Democratic Taiwan has emerged as a place of refuge for some Hong Kongers, to Beijing’s anger, especially after China’s enforcement of a tough new national security law in Hong Kong last year.
In Chinese the new quarterly magazine is called “be water”, after a tactic protesters used to evade Hong Kong police and inspired by a maxim of home-grown martial arts legend Bruce Lee that encourages them to be flexible or formless.
The first issue came out in January.
Called Flow HK in English, the magazine’s editor-in-chief is exiled activist Sunny Cheung, and its editorial board includes other well-known campaigners.
Chiang Min-yen, a Taiwanese activist who works from the magazine’s small Taipei office and also sits on the editorial board, told Reuters the publication wanted to provide a forum for discussion and how to continue the fight for freedom and democracy.
“People are thinking about what’s next for Hong Kong and what can Hong Kongers do – how can people support Hong Kong and oppose the authoritarianism of the Communist Party,” he added.
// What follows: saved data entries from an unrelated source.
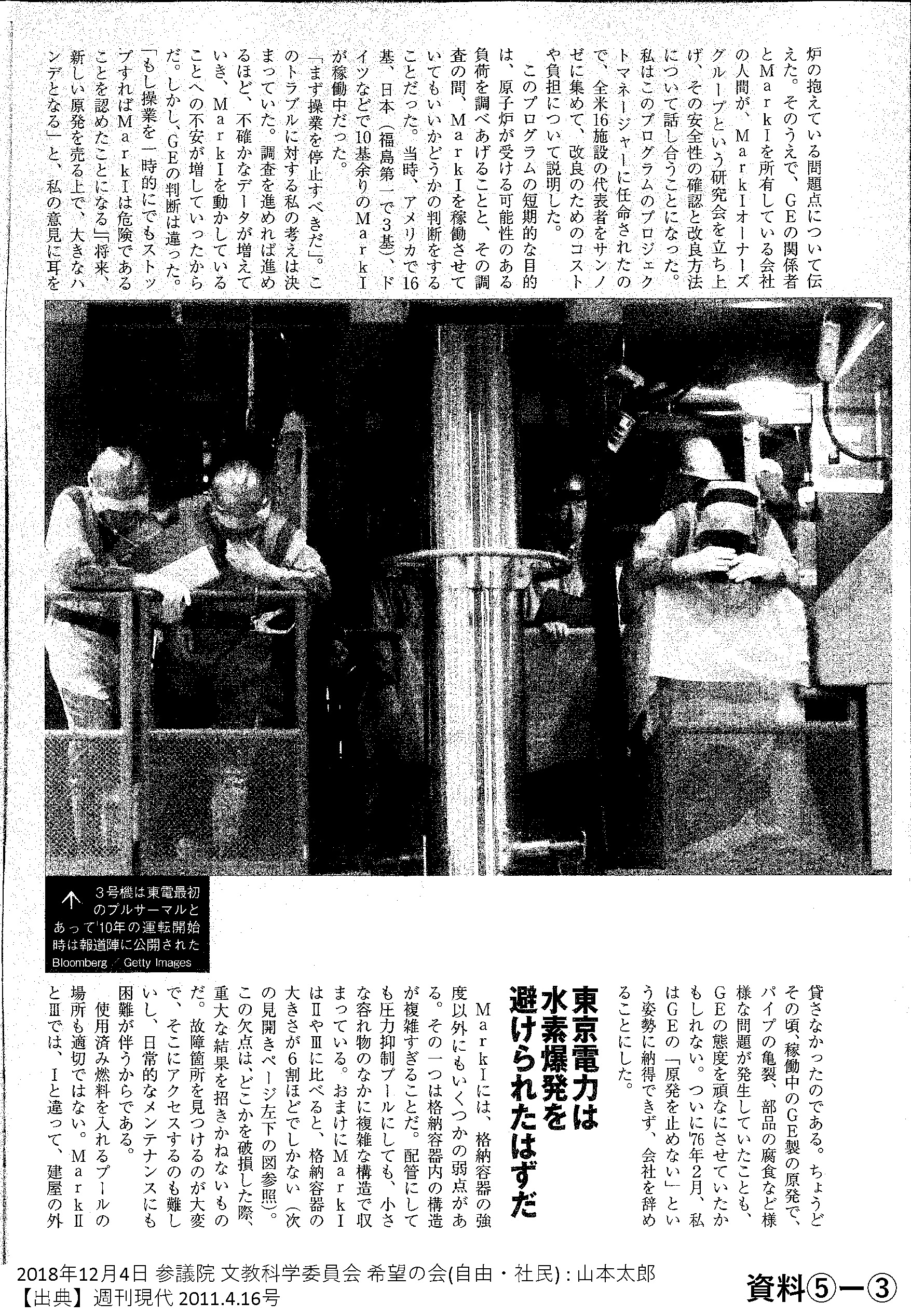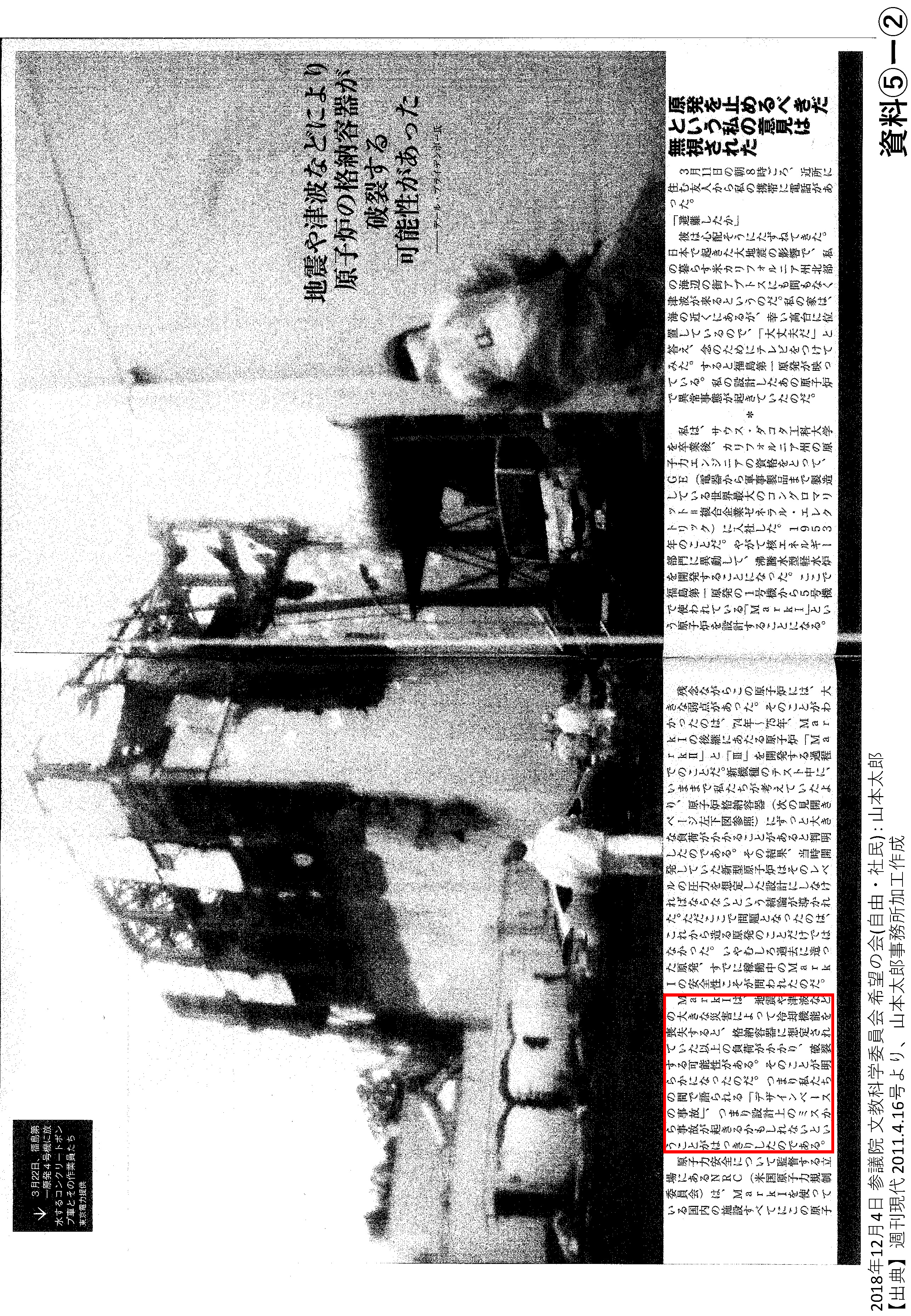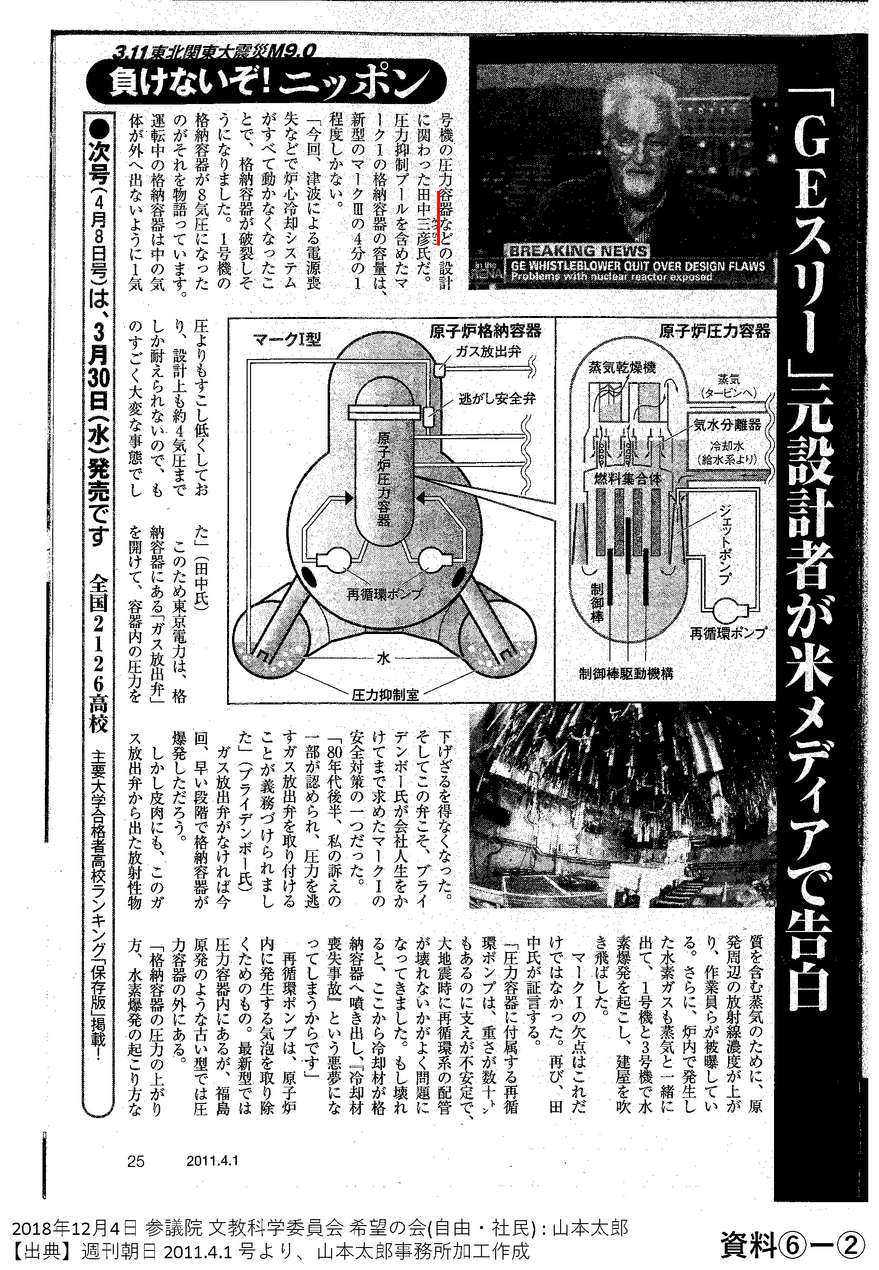 資料の⑤の①、福島第一原発の1から5号機で使われているマークⅠ型原子炉の原設計をしたGE、ゼネラル・エレクトリック元エンジニア、デール・ブライデンボー氏は、マークⅠは、地震や津波などの大きな災害によって冷却機能を喪失すると、格納容器に想定された以上の負荷が掛かり、破裂する可能性がある、そのことが明らかになったのだ、つまり私たちの間で語られているデザインスペースの事故、つまり設計ミスから事故が起こるかもしれないということがはっきりしたのであると語っています。普通にこんな商品売ったらアウトでしょって。リコールですよ、回収ですよ、普通。
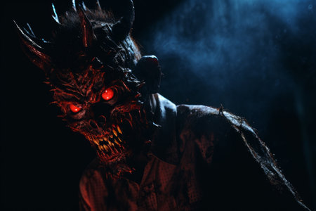 Devil with scary mask surrounded by red smoke. Halloween and horror concept
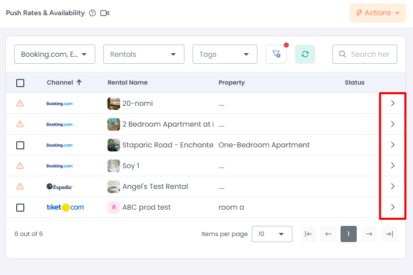 Once rates or availability are pushed, you can track the status under the Status column.
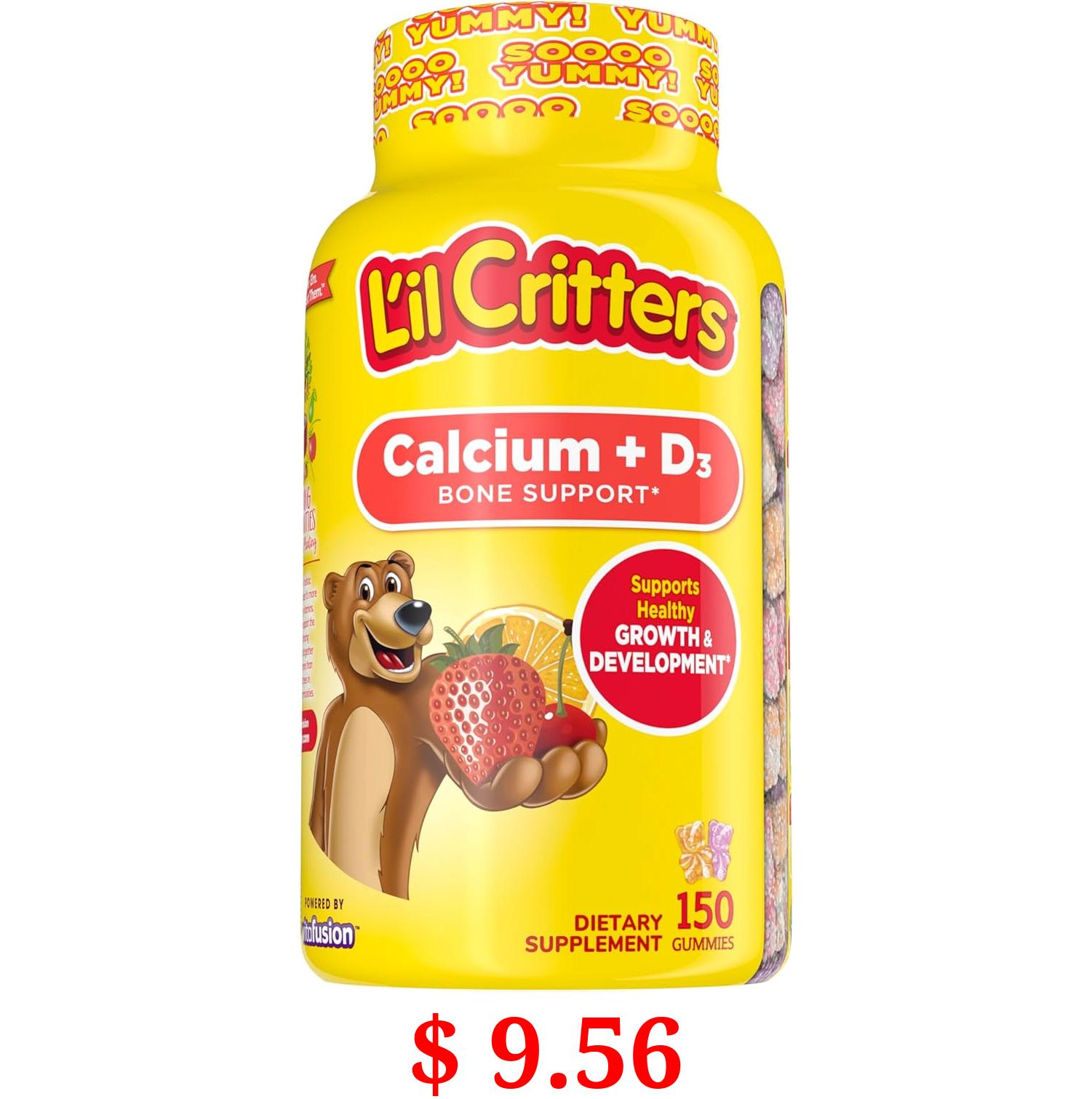 $ 9.56 L’il Critters Calcium + D3 Daily Gummy Supplement for Kids, for Bone Support, Orange, Strawberry and Cherry Flavors, 150 Gummies
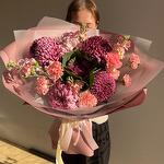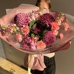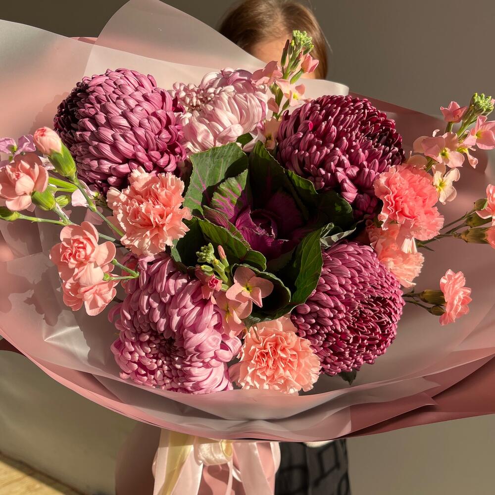 Маттиола - 3 шт. Диантус - 5 шт. Брассика - 1 шт. Упаковка дизайнерская - 1 шт. хризантема бигуди - 5 шт.
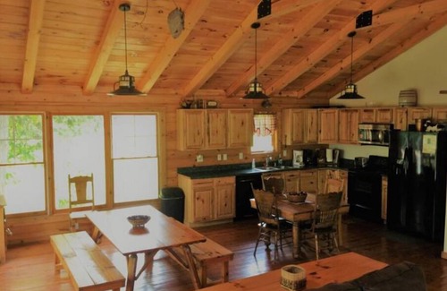 As soon as you walk into our lodge you will see the beautiful fireplace that makes our main living room stand out. From wood floors all the way to wood ceilings - we wanted a cabin feel but with more space for larger groups. The kitchen is fully stocked as if you were at home. There is even a grill for nights that you don't feel like making a mess in the lodge. Satellite TV is offered in the main living room, master bedroom and family rec room. Downstairs is a game room with a Ski Ball Machine, Foos Ball Table, Game Station Arcade and a Double-shot Electronic Basketball Game. Want to be outdoors take a hike or relax in the hot tub. This cabin lodge is great for larger families or groups of friends - something for everyone to do but a peaceful retreat away from the busy city life. If privacy and seclusion is what you are looking for - this is the place to be. You will need to bring your own firewood.
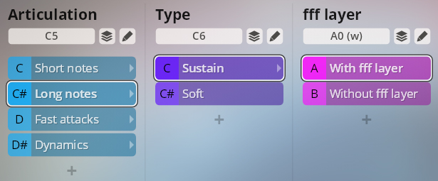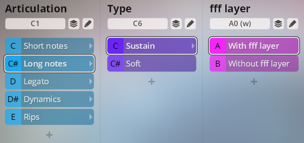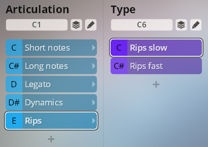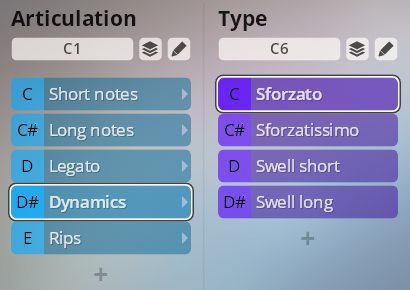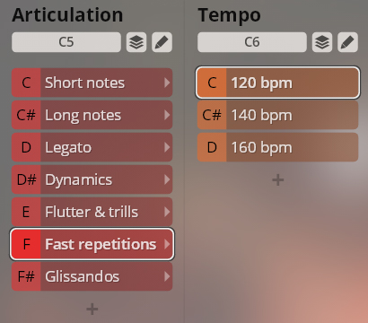 The basic cluster articulations are the same as the regular ones, but without contrabass tuba variants, and instead of the legato section (which doesn’t make much sense with clusters) there is a duplicate of the long notes. You can switch between the articulations of different presets without having to adapt any keyswitches. The upper range of cluster articulations is a whole tone lower than regular ones, as the two highest notes are always part of a cluster.
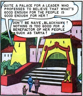 In the early 1950s, an evil seductress backed by two world powers, calling herself Tarya, deposed and imprisoned the old national leader, Gandor Ras, and became the new ruler of Jinnestan. She then ordered her air force to conduct bombing raids against the civilian population of neighboring Khartoor. An impenetrable jungle, between the two nations, precluded a land invasion, but the air raids were devastating. The new king of Khartoor, son of an old friend of the world-famous Blackhawks, called on them for help, and they soon arrived. The Jinnestani Air Force's propeller-driven bombers were no match at all for the Blackhawks' F-90B fighters, and several were destroyed before the survivors fled. Pursuing them into Jinnestani airspace, Blackhawk's own jet was shot down by ground fire, and he was captured. His interview with Tarya went badly; Blackhawk was shot in the shoulder and imprisoned. While in this prison, for several days, Blackhawk tunneled out of his own cell, found Gandor Ras, freed him, and they escaped into the capital city of Jinnestan.
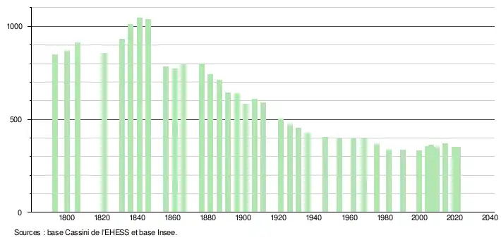 L'évolution du nombre d'habitants est connue à travers les recensements de la population effectués dans la commune depuis 1793. Pour les communes de moins de 10 000 habitants, une enquête de recensement portant sur toute la population est réalisée tous les cinq ans, les populations légales des années intermédiaires étant quant à elles estimées par interpolation ou extrapolation[17]. Pour la commune, le premier recensement exhaustif entrant dans le cadre du nouveau dispositif a été réalisé en 2004[18].
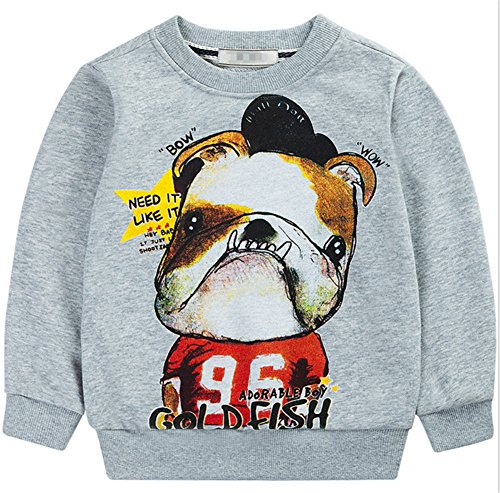 PANCY 子供服 春秋 長袖 Tシャツ トレーナー 丸い襟 男の子 女の子 ベビー おしゃれ カジュアル ファッション 可愛い 動物柄 犬 プリント 3色
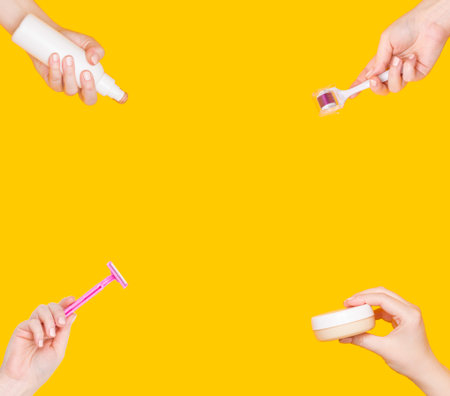 Shaving machine, dermaroller and cream in the corners in a woman's hand. Yellow background, free space for text.
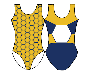 Honeycomb – Show your school spirit in style with this bold, college-inspired leotard. The front features an all-over golden honeycomb pattern that radiates energy and team pride, while the deep navy accents create a striking contrast. The back steals the show with a unique hexagon-shaped open cut-out, perfectly tying in the honeycomb theme and adding a fun, breathable twist. A perfect pick for athletes who want to stand out while repping their colors!

The magazine encourages Hong Kong subscribers to get the electronic version due to security concerns about police potentially finding a physical copy in people’s homes.
Hong Kong authorities maintain that freedom of speech and that of the media are intact, but say national security is a red line.
The national security law punishes anything China considers subversion, secessionism, terrorism or collusion with foreign forces with up to life in prison.
In his piece for the inaugural edition, Cheung urges people not to give up, saying the resistance movement is like a buried stream of fire ready to become a river.
“Overseas Hong Kongers must fight, and will not give up on their dream to go home. If you are not free in Hong Kong, then what is the use of freedom?”